Ces séries contribuent à améliorer l’image de la Turquie, en particulier dans les anciens territoires de l’Empire ottoman. Yasemin Celikkol, de l’université américaine Northwestern au Qatar, a grandi en Bulgarie. Les Turcs avaient à l’époque la réputation d’être “démoniaques, barbares et terribles”, mais les séries turques contribuent, selon elle, à modifier cette perception. Les Bulgares avaient tendance à passer leurs vacances en Grèce, mais maintenant ils vont plus en Turquie qu’avant, ajoute-t-elle.
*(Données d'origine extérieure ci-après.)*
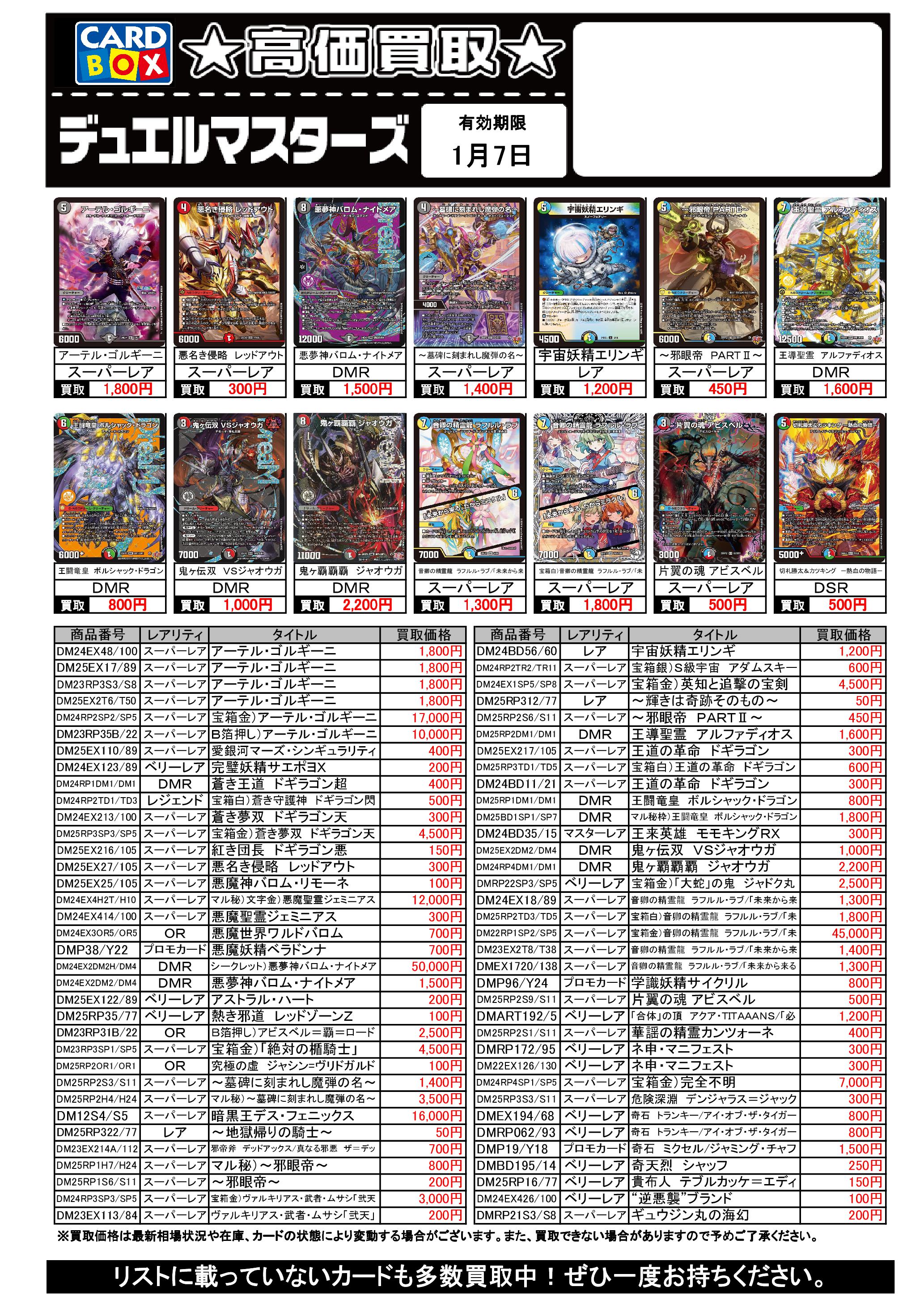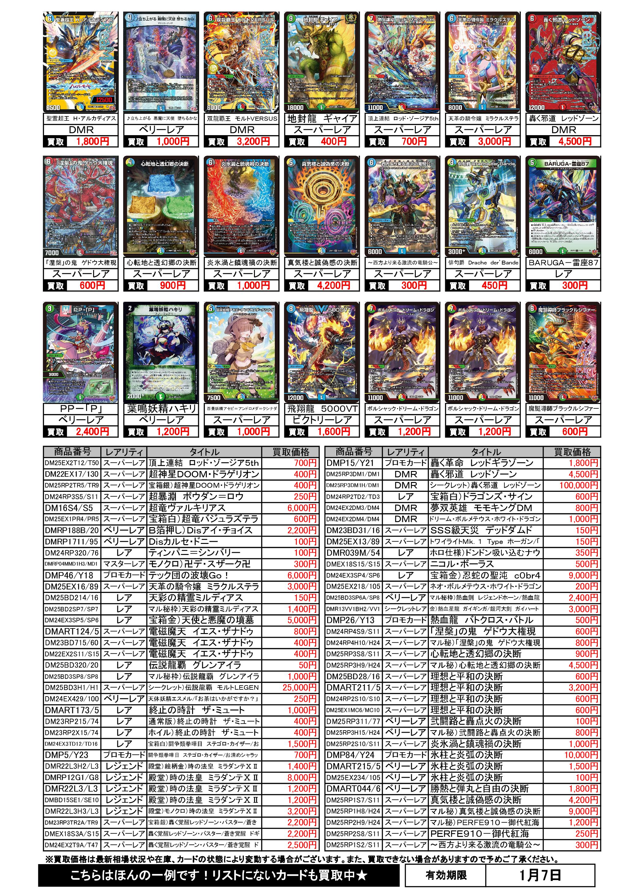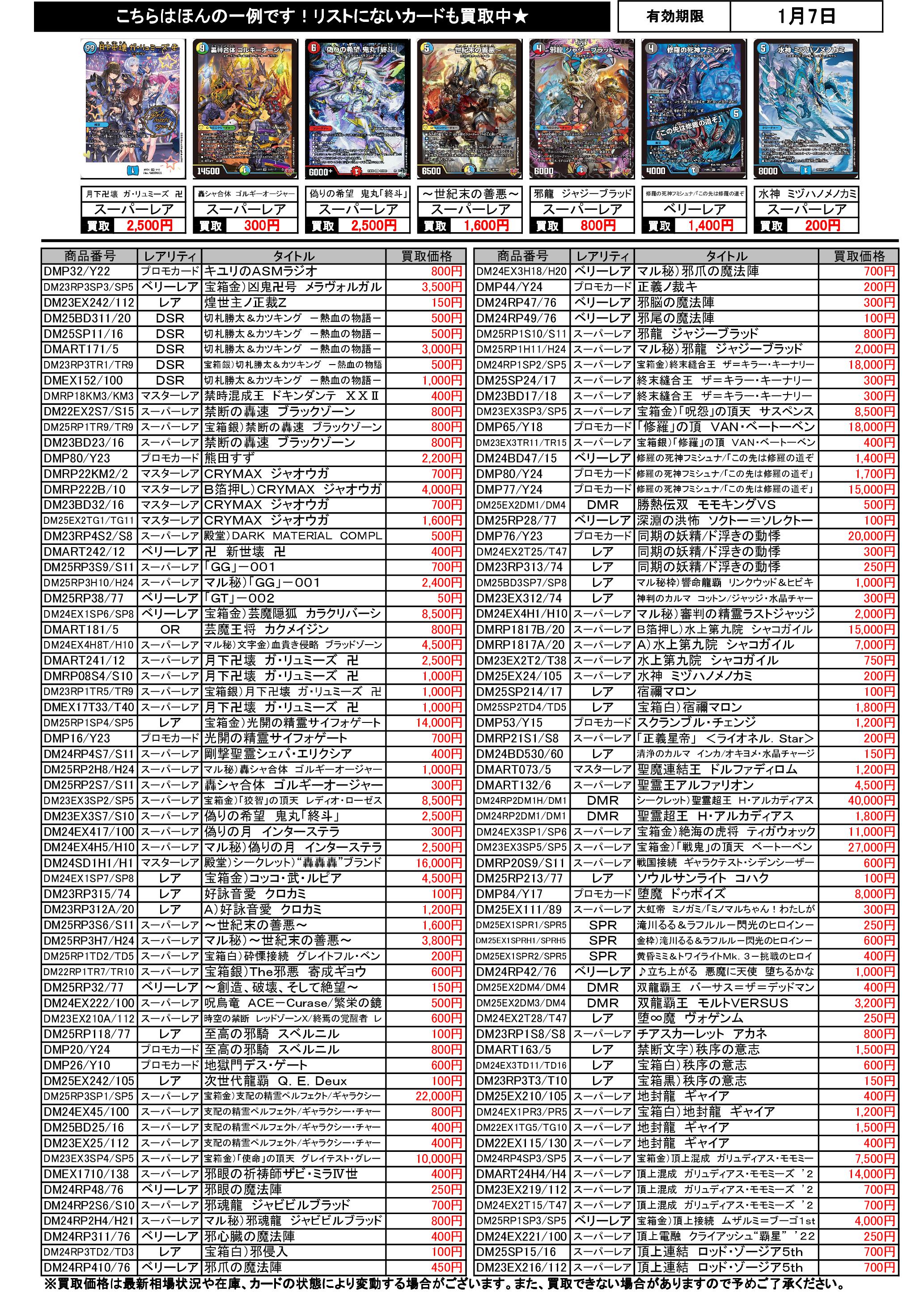※こちらの買取表は買取価格を保証するものではありません。カードの在庫枚数や状態によって価格が変動する場合がございます。また、表に掲載の30,000円を超えるカードにつきましては買取しておりません。

L’État s’en mêle aussi. En 2012, le président Recep Tayyip Erdogan a reproché à Muhtesem Yüzyil de consacrer trop de temps aux intrigues de palais et pas assez aux conquêtes de Soliman. En réaction, une chaîne publique a produit sa propre série historique : Dirilis. Ertugrul (“Résurrection. Ertugrul”), qui parle d’un guerrier turc du XIIIe siècle. En mai 2020, alors qu’une grande partie du monde était confinée à cause du Covid-19, elle a été la quatrième des séries télé les plus demandées dans le monde, selon Parrot Analytics.
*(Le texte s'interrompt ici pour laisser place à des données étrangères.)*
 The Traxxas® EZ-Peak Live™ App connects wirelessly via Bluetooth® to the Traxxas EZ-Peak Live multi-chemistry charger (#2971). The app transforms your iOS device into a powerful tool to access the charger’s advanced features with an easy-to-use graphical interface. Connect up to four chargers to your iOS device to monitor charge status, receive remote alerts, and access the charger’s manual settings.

Plus de liberté en streaming

Les services de streaming proposent des produits plus audacieux qui laissent leurs fans interloqués. Külup de Netflix [diffusé en France, sur la plateforme, sous le titre The Club] suit un ancien taulard qui reprend contact avec sa fille après avoir passé des années en prison. On y voit les pogroms perpétrés contre les minorités à Istanbul dans les années 1950 – un sujet politiquement sensible, c’est le moins qu’on puisse dire. Les séries proposées en streaming sont en général plus courtes : Külup compte pour le moment 20 épisodes, contre 139 pour Muhtesem Yüzyil. Les spectateurs de Bihter, un film diffusé sur Amazon qui parle d’une femme qui trompe son mari âgé et violent, ont même droit à des scènes de sexe éhontées où l’on voit des fesses nues.

En relâchant ses exigences sur ce qui peut apparaître à l’écran, la Turquie va peut-être améliorer ses chances de toucher le public anglophone, lequel est plus résistant aux séries doublées ou sous-titrées que celui de nombreux autres pays. Contrairement à l’Espagne (avec La Casa de papel) ou la Corée (avec Squid Game), la Turquie n’a pas eu de grand succès aux États-Unis ou au Royaume-Uni. Kara Para Ask (Diamants noirs [disponible en France sur Netflix]) n’a jamais été très apprécié aux États-Unis, même si le footballeur argentin Lionel Messi, qui joue à Miami, et la chanteuse américaine Barbra Streisand comptent parmi ses fans.

Cependant le monde est vaste et les séries turques n’ont pas besoin de conquérir le Royaume-Uni et les États-Unis pour être dignes d’être regardées. Même Soliman, qui a ajouté des pans de l’Afrique du Nord et de l’Europe à l’Empire ottoman, n’est pas allé aussi loin.